When you see a sharp peak with multiple SNPs showing strong associations, it typically reflects the underlying linkage disequilibrium (LD) structure of the genome. SNPs in close proximity tend to be inherited together, so a true causal variant should create a signal that extends across nearby correlated SNPs. An isolated significant SNP surrounded by non-significant variants suggests the signal might not be reflecting a genuine biological effect in that genomic region.

Technical Artifacts and Genotyping Errors

Isolated significant SNPs are more likely to represent technical problems like genotyping errors, batch effects, or platform-specific artifacts. These issues typically affect individual SNPs rather than entire LD blocks. Quality control procedures can miss some of these problems, especially if they’re systematic across cases and controls.

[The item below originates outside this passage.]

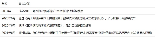 2021年7月,哈薩克斯坦總統托卡耶夫簽署了一項新法律,修改了這個中亞國家關于“稅收和其他預算義務支付”的立法,對在該國經營的加密礦工使用的能源征收額外的稅費。新法將于2022年1月生效。加密貨幣礦工需要為使用的每千瓦電力支付約0.0023美元的附加費用。

Population Stratification Issues

Inadequately corrected population structure can create spurious associations at individual SNPs, particularly those with unusual allele frequency patterns across ancestral groups. Well-designed studies use principal components or other methods to control for this, but isolated signals might indicate residual stratification.

Multiple Testing Considerations

While you mention adjusted p-values, the genomic context matters for interpretation. A single SNP reaching genome-wide significance (typically 5×10⁻⁸) in isolation is statistically significant but lacks the biological plausibility that comes with seeing the expected LD pattern around a true association.

Biological Plausibility

Clustered signals often coincide with known genes, regulatory elements, or functional annotations, providing biological context. Isolated SNPs in gene deserts or without obvious functional relevance require more scrutiny.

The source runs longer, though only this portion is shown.